Construction is progressing on a new Edgewood Elementary School with the goal of opening during the upcoming school year.
Watson Chapel Superintendent Danny Hazelwood said the ongoing building project has been successful and is meeting his expectations for opening in either December or early January 2015. Edgewood enrolls kindergartners and first-graders.
“Progress is going well. Everything is going according to schedule without any major glitches,” Hazelwood said. “We hope to transition into the new building during the Christmas holiday break.”
The original Edgewood Elementary School buildings opened in the 1950s and have outlasted their use, he said. The district spends more money to maintain these buildings than is feasible, he said.
Kindergartners and first-graders will return to the existing school buildings when classes resume in August, Hazelwood said. He expects the new building to be complete in October, one year after a groundbreaking ceremony. The land where the new building is being built was previously covered in trees.
Independent reporting for Pine Bluff & Jefferson County since 1879.
“We are anxious to move into the new building,” Hazelwood said. “This is a year of transition.”
The total price tag is about $10 million, Hazelwood said. In September 2013, the Watson Chapel School District Board of Directors voted to authorize the expenditure of up to $1.1 million of district funds to pay for costs associated with the construction of the new Edgewood Elementary School.
The expenditure will be reimbursed from proceeds of the $4,265,000 bond offering approved by voters in a special millage election earlier in 2013, according to the reimbursement resolution approved by the school board. The bond is for a duration of 30 years, Hazelwood said.
The Arkansas Department of Education is providing about $6 million through a partnership agreement with the Watson Chapel School District, Hazelwood said.
The new building features Chromebook wireless computers in every classroom, a multimedia library and a vocal music room, Hazelwood said. The building will be large enough to house 500 students, although the current enrollment is smaller than that figure.

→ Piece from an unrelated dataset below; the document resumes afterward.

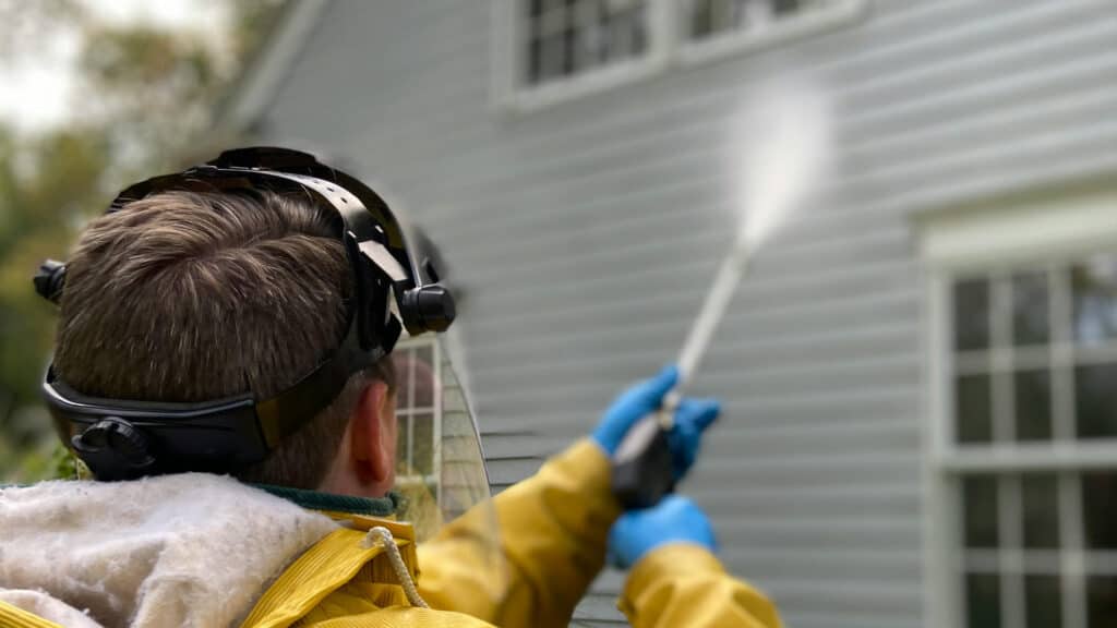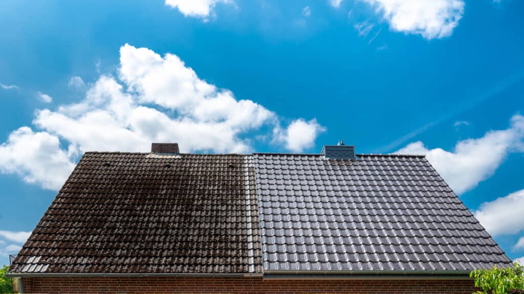 High pressure can strip shingle granules and crack tile. We don’t do that. Our roof clean uses low pressure with a roof-safe solution that clears black streaks and mildew. Most roofs look new again before we leave, and the clean often lasts 12–24 months in this climate. We protect plants and fixtures, control runoff, and rinse thoroughly.

“We are committed to making sure every student has access to a computer,” he said.
After the teachers and students move into the new building, the old buildings will be torn down.

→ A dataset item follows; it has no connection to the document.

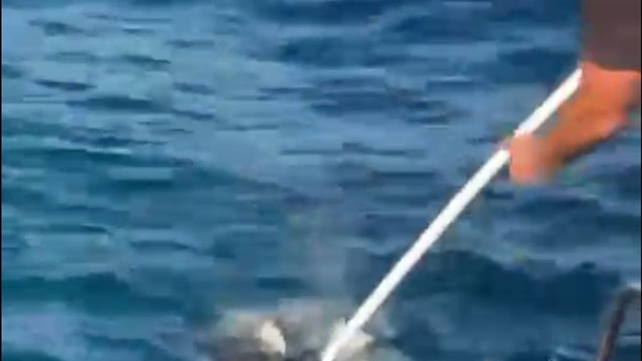 Okurcalar Mahallesi açıklarında sabah saatlerinde bir grup amatör balıkçı, su yüzeyinde plastik çuvala dolanmış yavru deniz kaplumbağası gördü. Balıkçılar, tekneye aldıkları kaplumbağanın dolandığı çuvalı makasla kesti, daha sonra yeniden denize bıraktı. Kaplumbağanın kurtarılma anları cep telefonuyla görüntülendi. (DHA)

Also in the Watson Chapel School District, Coleman Intermediate School is receiving new air conditioning units this summer. Coleman enrolls students in grades four through six.
“We expect the air-conditioning project to be done right around the start of school,” Hazelwood said.
A portion of the funding comes from the Facilities Partnership Program of the Arkansas Department of Education, with the rest coming from the district budget, he said.